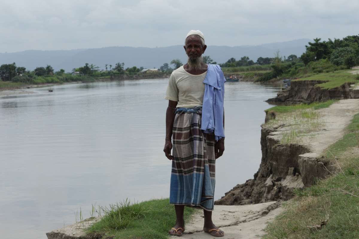 Munaf Ali, stands at an erosion affected site near Dhanbari Bazar. He joked about his fate that neither erosion nor displacement would ever leave him. | Photo by Mahibul Hoque[/caption]
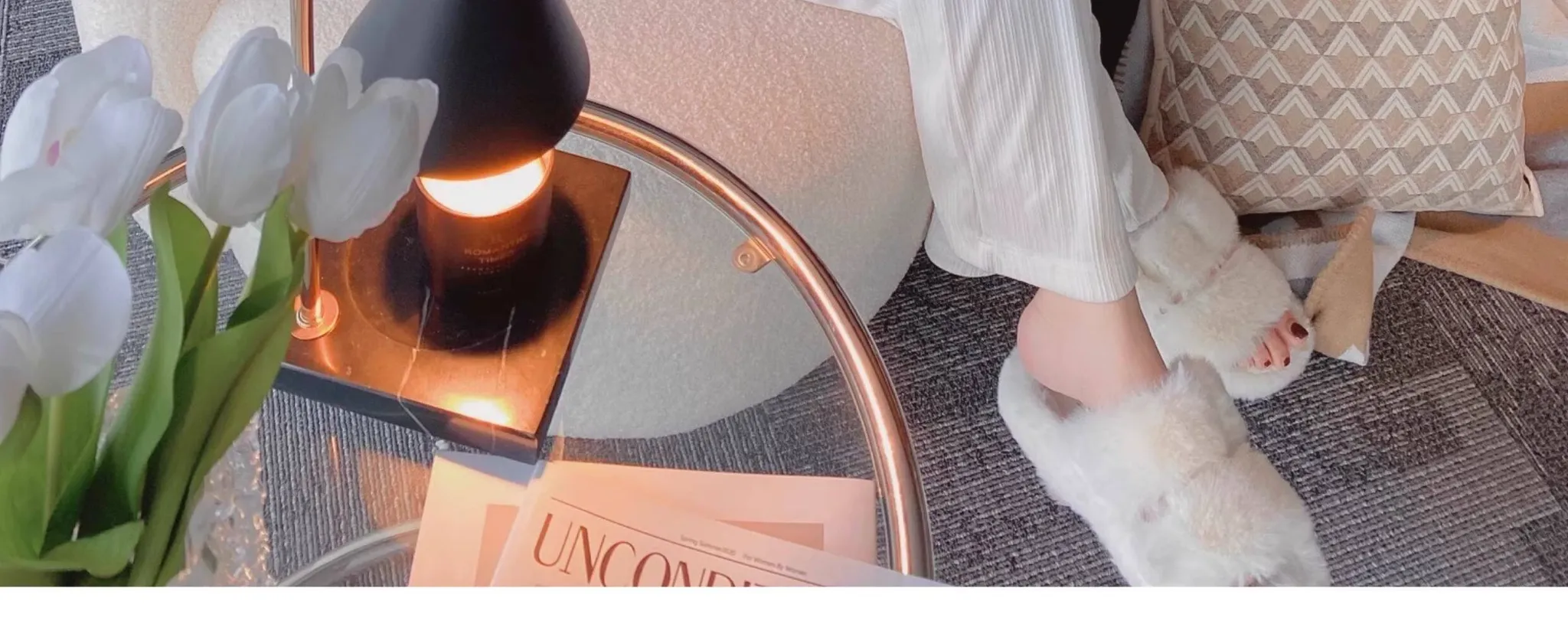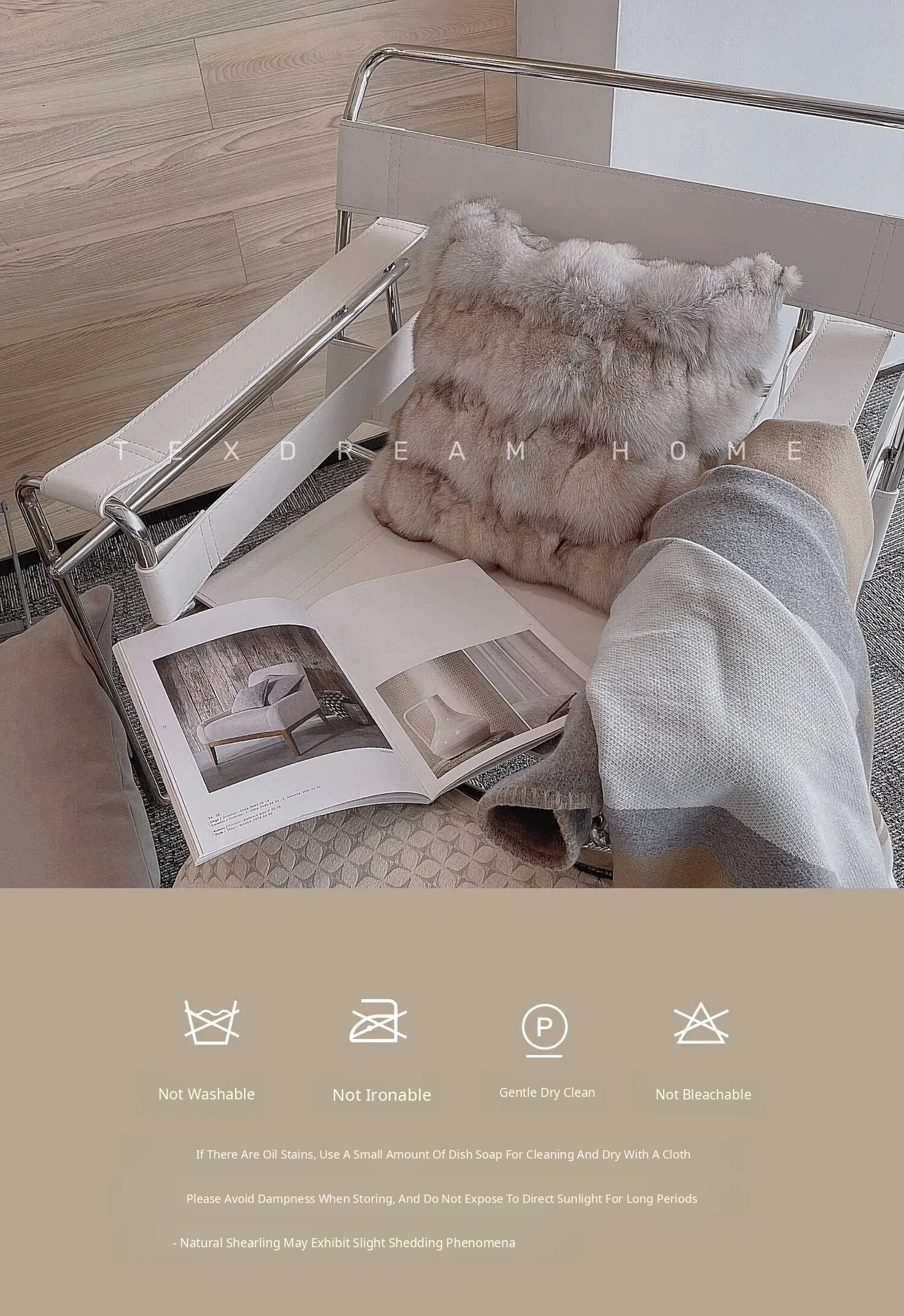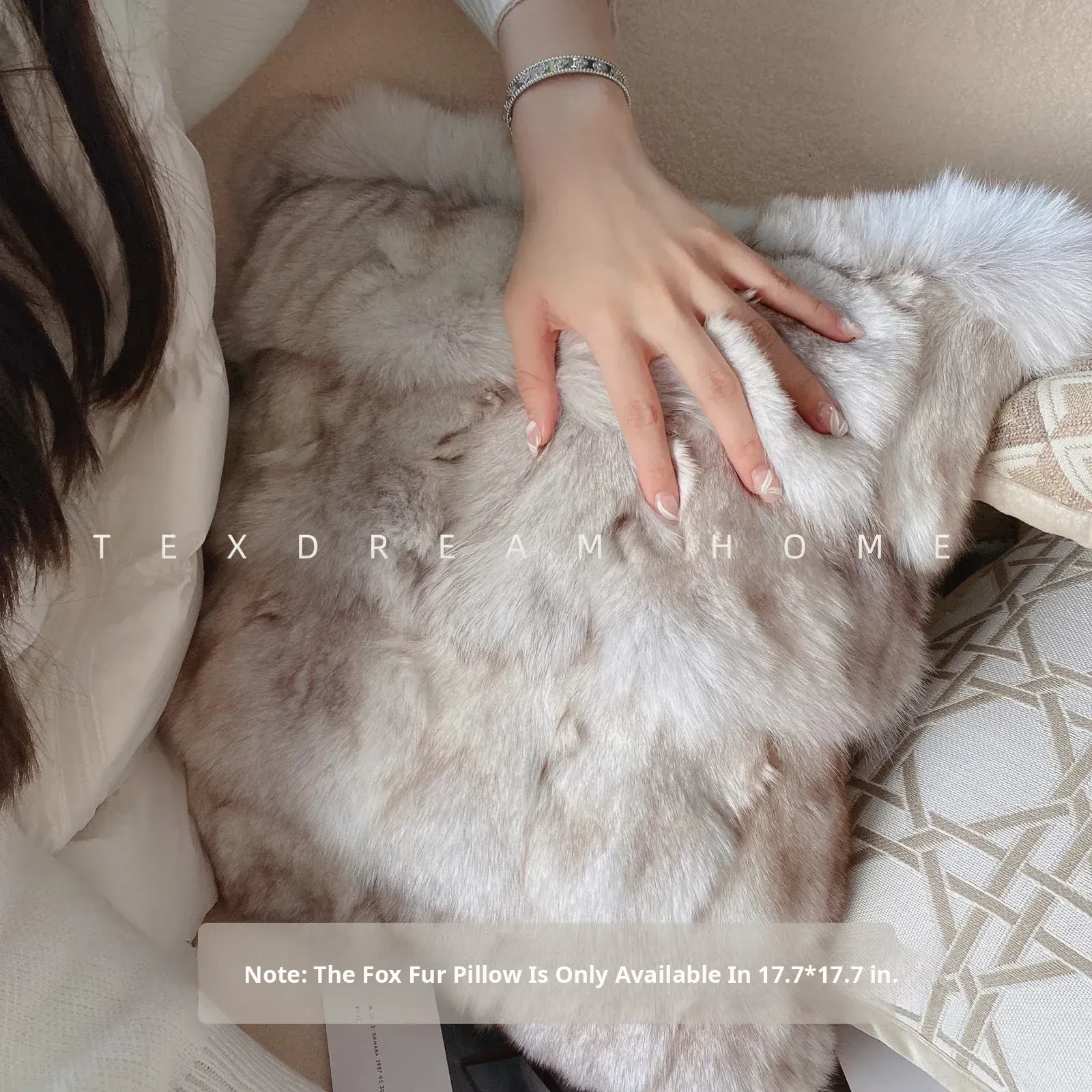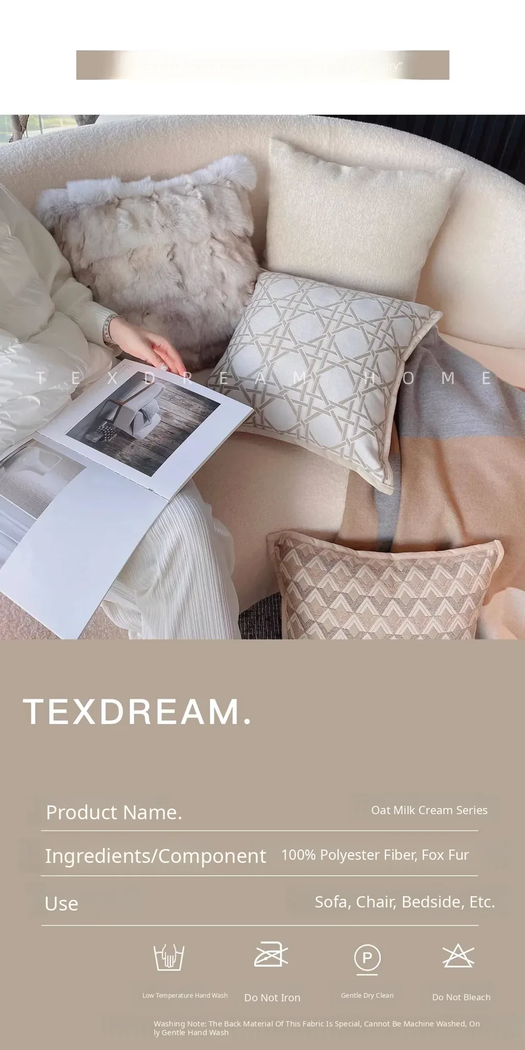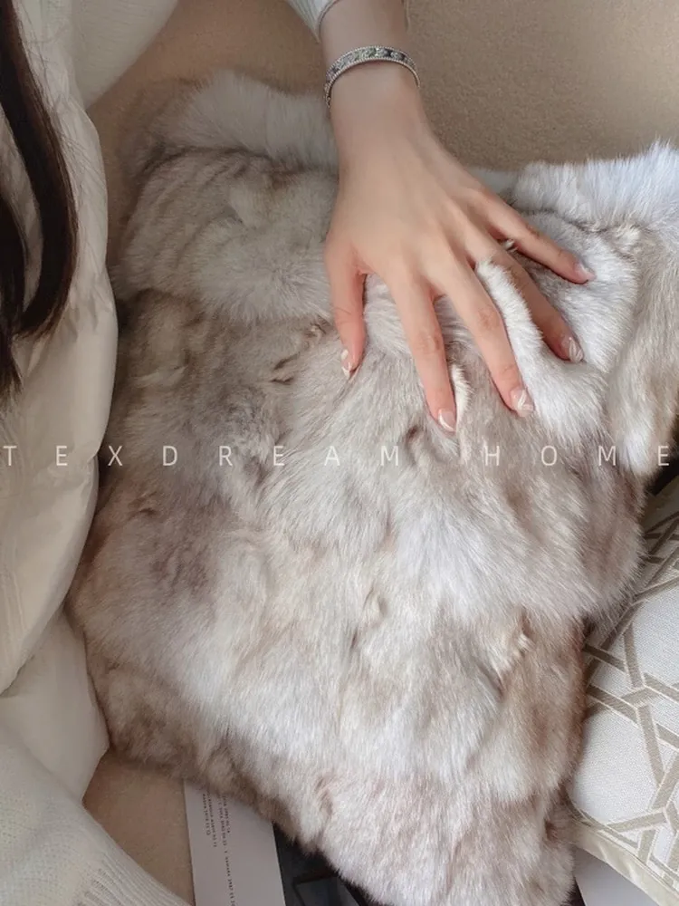 Texdream Luxe Oat Milk Cream Faux Fur Sofa Pillow - Vintage Cotton Linen Cushion with Insert for Elegant Living Rooms
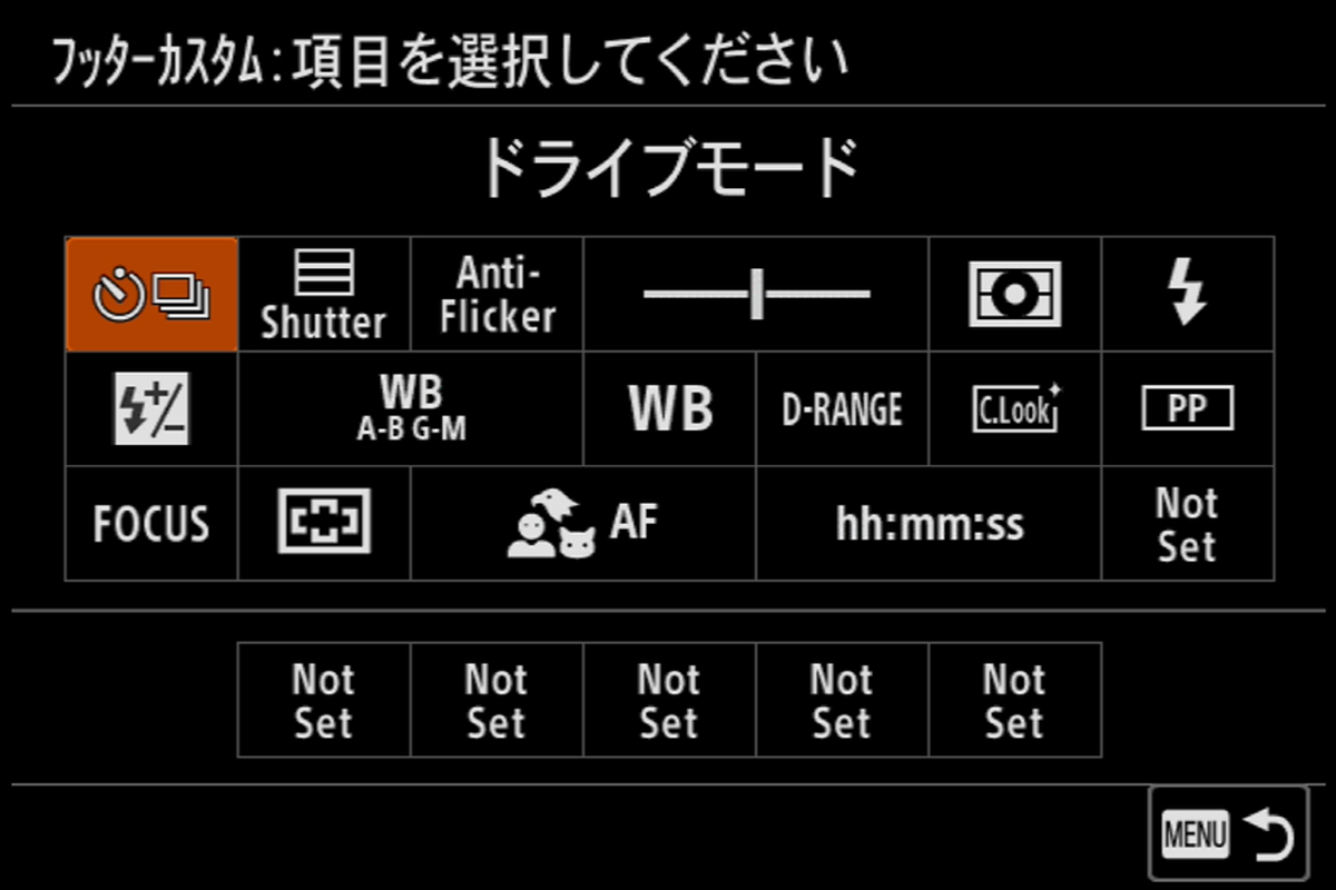 さらに静止画撮影のファインダーに、「フッター(ファインダー右下部分)」の表示を自分の好みに設定できる。

□ □ □

The problem:
Please copy exactly the lines from the one that contains "Texdream Luxe Oat" through the last line of the listing above, leaving out the pictures.

Expected answer:
 Texdream Luxe Oat Milk Cream Faux Fur Sofa Pillow - Vintage Cotton Linen Cushion with Insert for Elegant Living Rooms
 さらに静止画撮影のファインダーに、「フッター(ファインダー右下部分)」の表示を自分の好みに設定できる。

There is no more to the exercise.